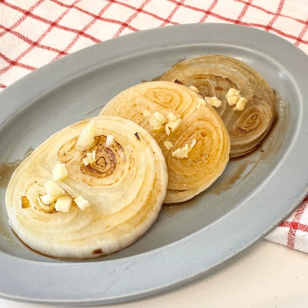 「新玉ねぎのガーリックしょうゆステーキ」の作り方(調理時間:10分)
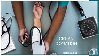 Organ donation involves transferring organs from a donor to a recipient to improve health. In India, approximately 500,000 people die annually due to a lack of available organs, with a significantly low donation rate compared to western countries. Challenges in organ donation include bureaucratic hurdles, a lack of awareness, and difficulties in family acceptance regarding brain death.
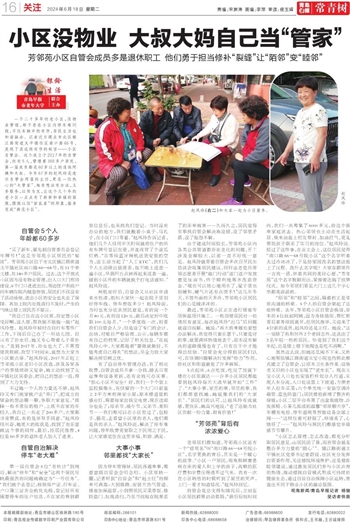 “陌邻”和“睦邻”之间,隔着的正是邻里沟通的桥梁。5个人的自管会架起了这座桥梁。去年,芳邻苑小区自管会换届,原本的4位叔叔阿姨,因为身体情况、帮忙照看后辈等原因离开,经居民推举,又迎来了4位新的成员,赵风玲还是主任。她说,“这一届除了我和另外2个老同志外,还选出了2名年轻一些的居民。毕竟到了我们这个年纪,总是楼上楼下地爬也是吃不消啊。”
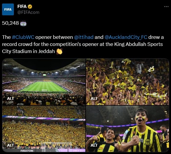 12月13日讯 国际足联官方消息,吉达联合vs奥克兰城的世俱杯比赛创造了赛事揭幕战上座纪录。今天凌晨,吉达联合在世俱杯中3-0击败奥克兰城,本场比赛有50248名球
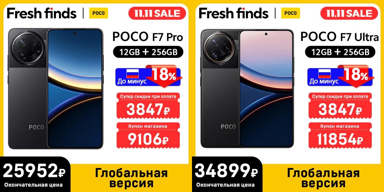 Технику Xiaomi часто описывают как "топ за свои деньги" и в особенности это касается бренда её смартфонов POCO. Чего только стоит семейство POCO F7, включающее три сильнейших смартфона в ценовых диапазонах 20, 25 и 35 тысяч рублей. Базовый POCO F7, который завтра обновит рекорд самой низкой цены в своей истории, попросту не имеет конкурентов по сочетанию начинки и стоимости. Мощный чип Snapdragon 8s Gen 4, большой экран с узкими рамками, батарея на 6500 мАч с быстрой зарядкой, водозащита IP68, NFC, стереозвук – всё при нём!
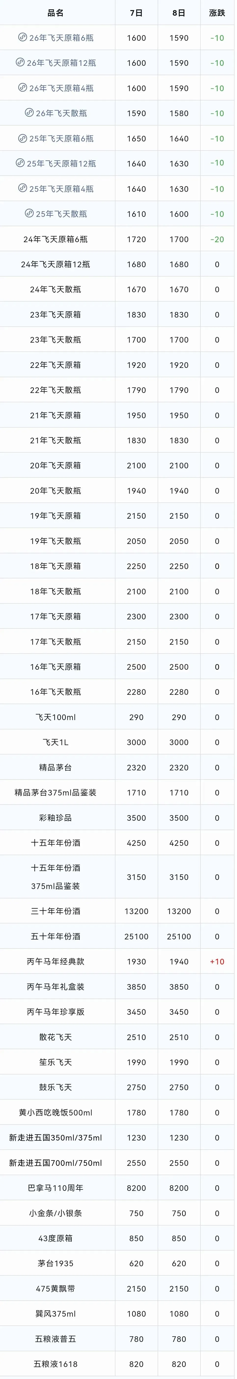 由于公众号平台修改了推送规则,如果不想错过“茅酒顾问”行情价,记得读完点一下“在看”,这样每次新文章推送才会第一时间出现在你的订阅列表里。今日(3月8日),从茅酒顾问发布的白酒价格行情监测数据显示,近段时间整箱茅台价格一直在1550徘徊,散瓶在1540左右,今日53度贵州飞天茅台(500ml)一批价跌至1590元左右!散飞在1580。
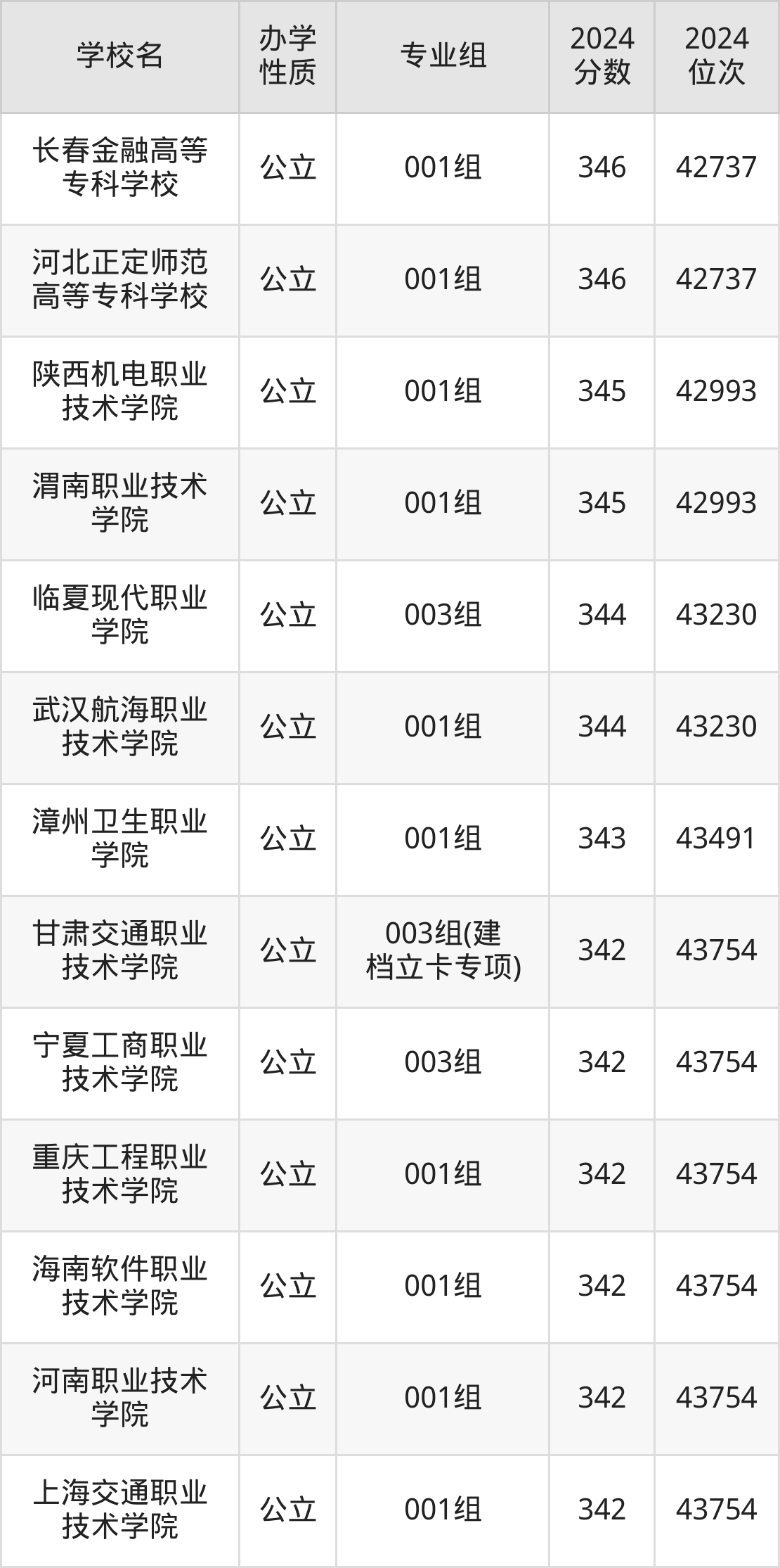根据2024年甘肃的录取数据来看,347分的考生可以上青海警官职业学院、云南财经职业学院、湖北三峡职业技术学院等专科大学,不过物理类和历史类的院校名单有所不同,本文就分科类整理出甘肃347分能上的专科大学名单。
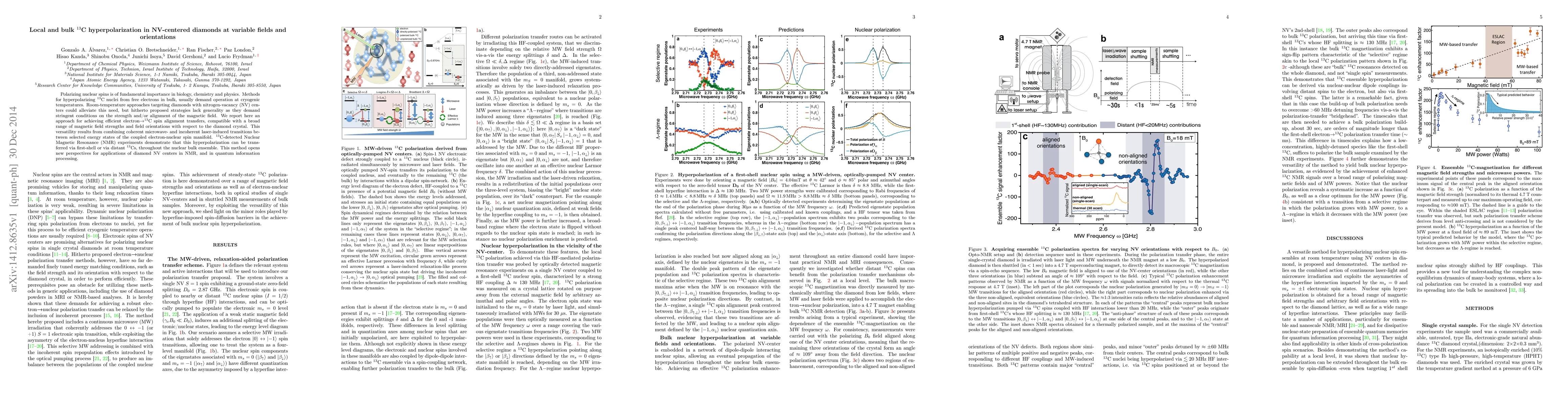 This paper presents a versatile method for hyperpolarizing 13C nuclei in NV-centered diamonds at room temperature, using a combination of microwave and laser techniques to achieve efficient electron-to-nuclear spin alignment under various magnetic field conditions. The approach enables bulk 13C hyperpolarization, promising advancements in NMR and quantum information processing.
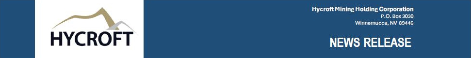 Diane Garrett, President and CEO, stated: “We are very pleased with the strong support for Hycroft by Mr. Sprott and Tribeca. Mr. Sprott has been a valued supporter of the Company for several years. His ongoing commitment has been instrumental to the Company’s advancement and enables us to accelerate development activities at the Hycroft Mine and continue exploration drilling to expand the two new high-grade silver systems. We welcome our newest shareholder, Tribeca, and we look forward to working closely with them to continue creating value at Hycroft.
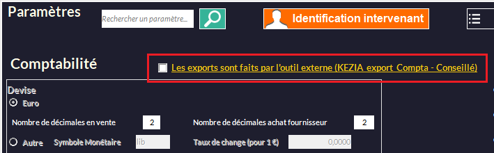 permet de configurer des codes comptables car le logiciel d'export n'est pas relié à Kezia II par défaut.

...

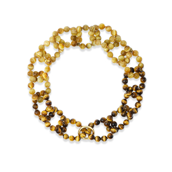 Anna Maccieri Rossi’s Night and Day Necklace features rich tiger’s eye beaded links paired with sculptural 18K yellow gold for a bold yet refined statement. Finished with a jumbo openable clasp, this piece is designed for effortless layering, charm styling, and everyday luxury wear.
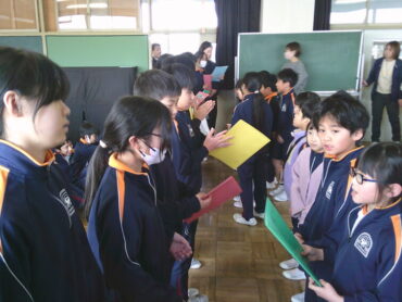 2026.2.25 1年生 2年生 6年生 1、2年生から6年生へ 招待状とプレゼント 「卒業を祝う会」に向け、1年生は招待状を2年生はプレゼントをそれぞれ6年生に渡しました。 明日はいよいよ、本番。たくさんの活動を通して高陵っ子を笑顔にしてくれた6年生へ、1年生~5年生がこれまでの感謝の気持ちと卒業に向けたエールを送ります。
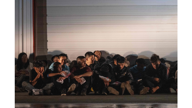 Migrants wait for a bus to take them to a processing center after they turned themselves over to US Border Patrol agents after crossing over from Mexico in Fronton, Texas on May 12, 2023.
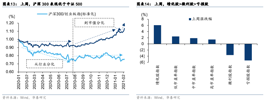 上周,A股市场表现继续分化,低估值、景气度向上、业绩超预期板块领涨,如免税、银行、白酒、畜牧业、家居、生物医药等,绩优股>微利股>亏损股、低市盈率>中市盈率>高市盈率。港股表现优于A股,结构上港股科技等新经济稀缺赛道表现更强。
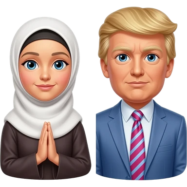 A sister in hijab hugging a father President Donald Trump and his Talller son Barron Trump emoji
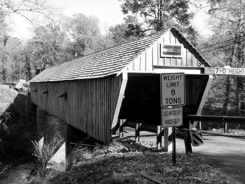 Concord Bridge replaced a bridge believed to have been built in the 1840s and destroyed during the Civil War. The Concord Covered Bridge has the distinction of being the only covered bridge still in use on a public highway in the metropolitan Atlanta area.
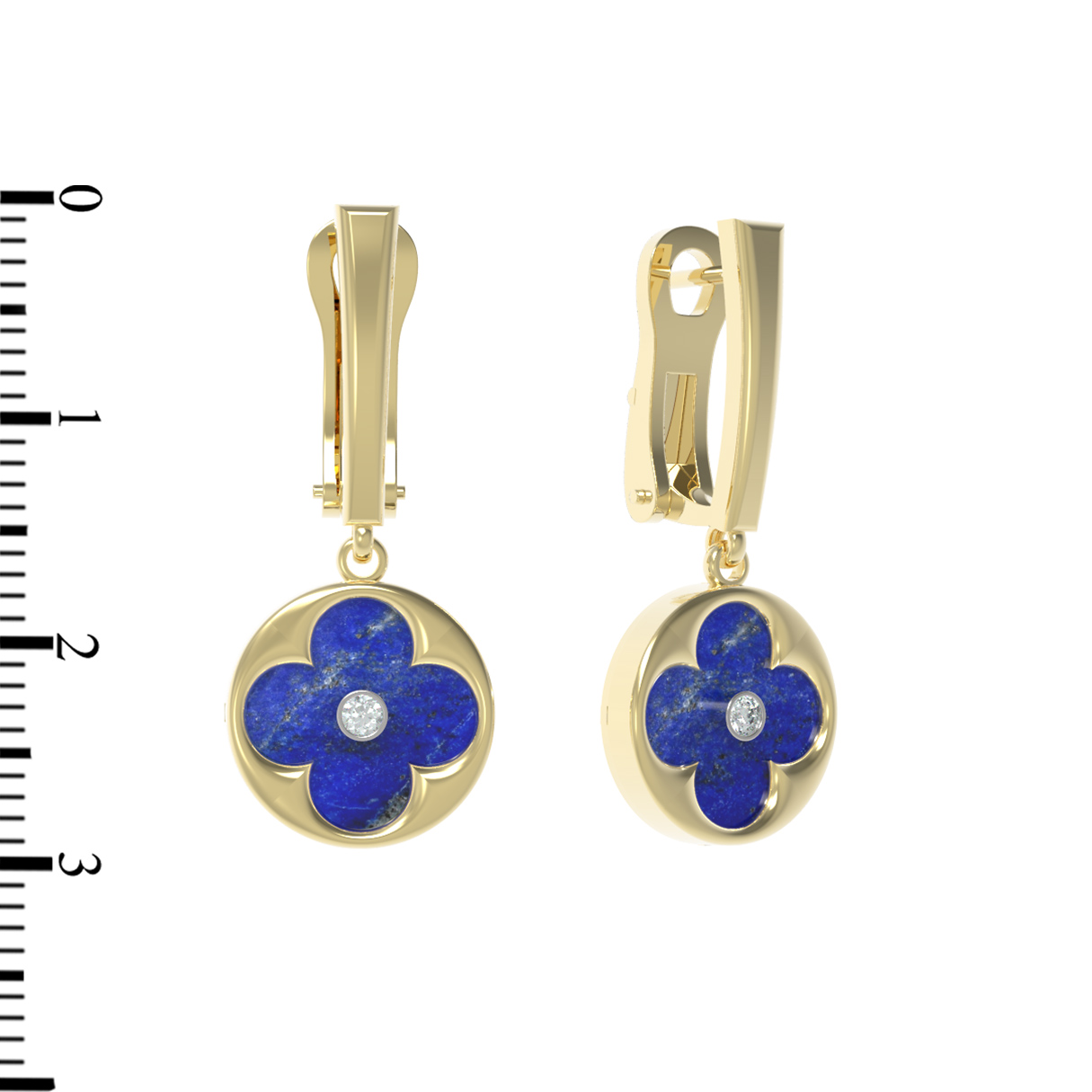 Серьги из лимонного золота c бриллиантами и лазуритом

* * *

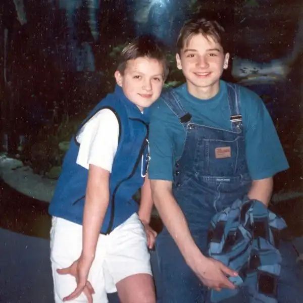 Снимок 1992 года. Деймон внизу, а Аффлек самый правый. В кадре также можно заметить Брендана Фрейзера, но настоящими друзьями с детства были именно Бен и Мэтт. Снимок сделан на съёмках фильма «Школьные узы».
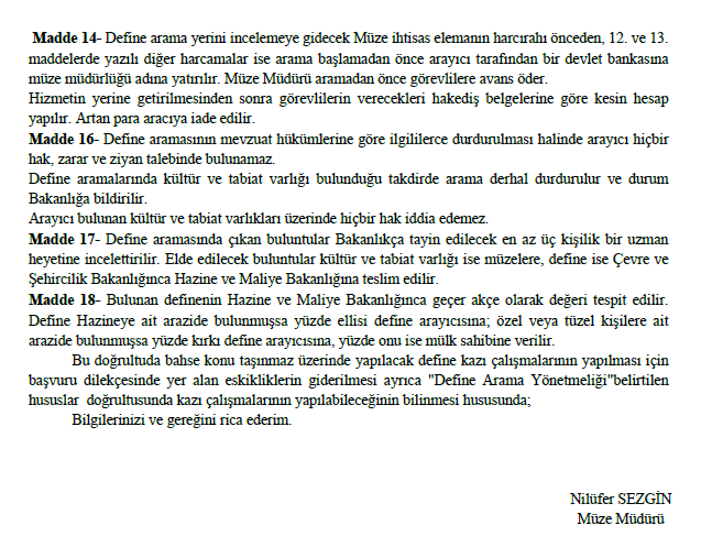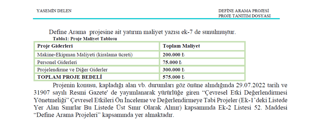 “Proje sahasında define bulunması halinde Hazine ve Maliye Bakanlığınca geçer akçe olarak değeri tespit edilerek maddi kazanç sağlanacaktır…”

Exercise aim: From the records above, quote word for word only the lines beginning at the line that has "Migrants wait for" and stopping after the line that has "A sister in". Omit the pictures.

Exercise response:
 Migrants wait for a bus to take them to a processing center after they turned themselves over to US Border Patrol agents after crossing over from Mexico in Fronton, Texas on May 12, 2023.
 上周,A股市场表现继续分化,低估值、景气度向上、业绩超预期板块领涨,如免税、银行、白酒、畜牧业、家居、生物医药等,绩优股>微利股>亏损股、低市盈率>中市盈率>高市盈率。港股表现优于A股,结构上港股科技等新经济稀缺赛道表现更强。
 A sister in hijab hugging a father President Donald Trump and his Talller son Barron Trump emoji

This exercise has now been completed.